Segment Open
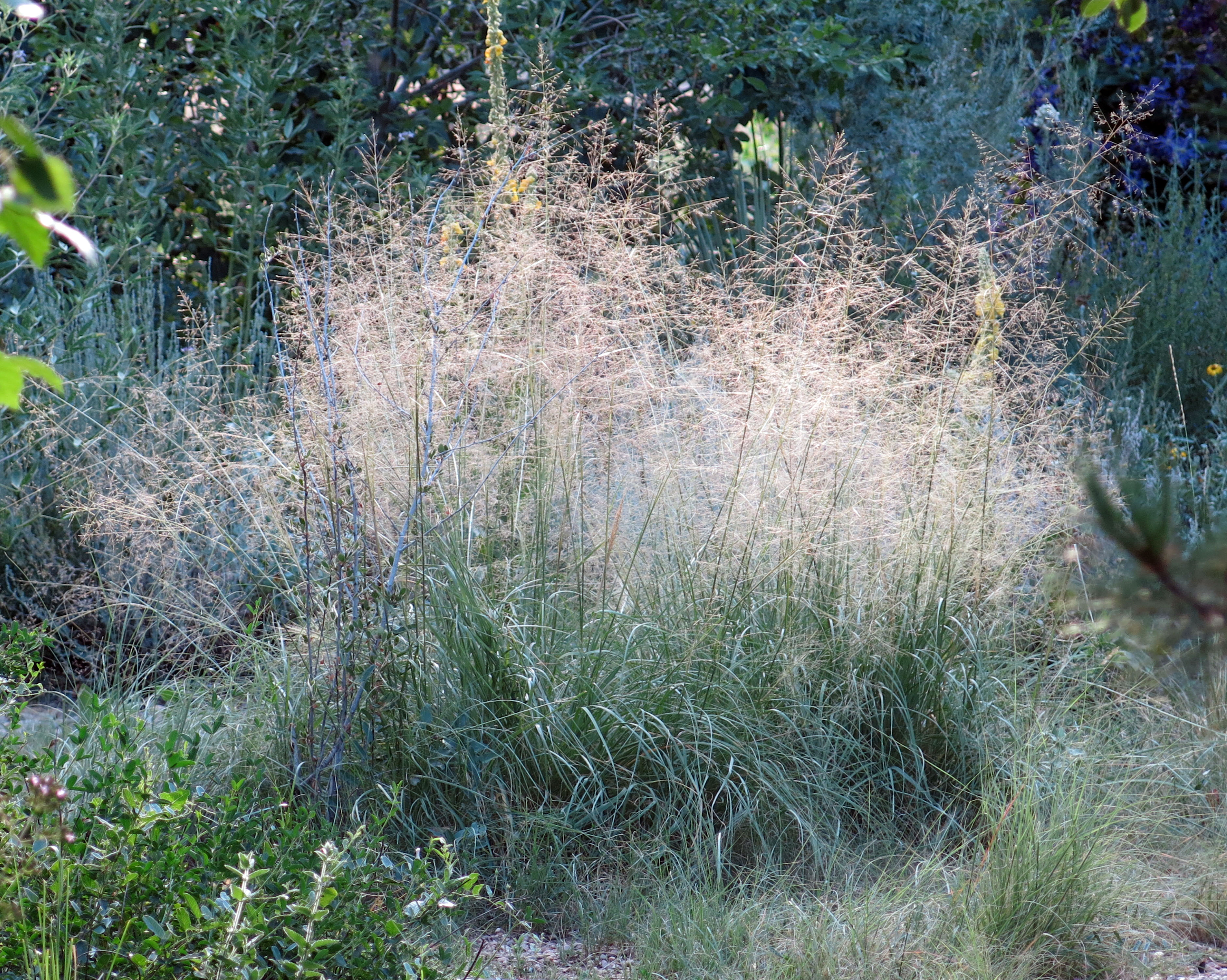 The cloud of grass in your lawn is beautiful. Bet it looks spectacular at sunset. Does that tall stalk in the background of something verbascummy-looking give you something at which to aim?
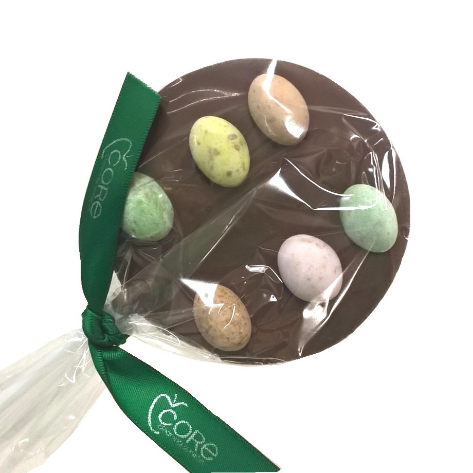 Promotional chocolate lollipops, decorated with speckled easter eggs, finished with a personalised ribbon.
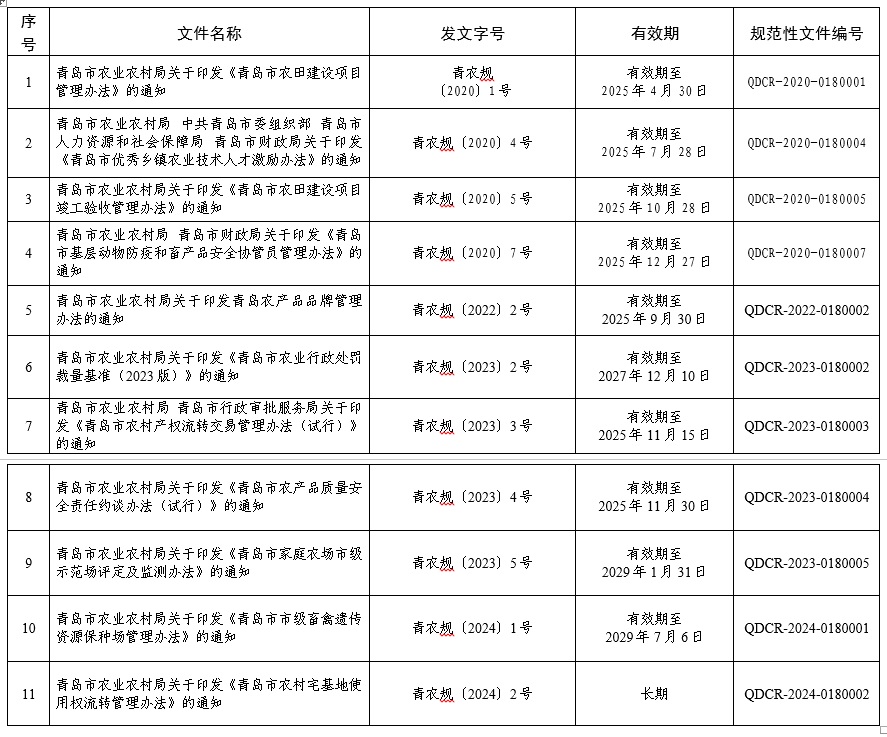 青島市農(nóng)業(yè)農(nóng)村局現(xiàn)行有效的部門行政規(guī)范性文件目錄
Segment Closed
§ Exercise details
Retype the listing above exactly, pictures excluded.

§ Finished task
 The cloud of grass in your lawn is beautiful. Bet it looks spectacular at sunset. Does that tall stalk in the background of something verbascummy-looking give you something at which to aim?
 Promotional chocolate lollipops, decorated with speckled easter eggs, finished with a personalised ribbon.
 青島市農(nóng)業(yè)農(nóng)村局現(xiàn)行有效的部門行政規(guī)范性文件目錄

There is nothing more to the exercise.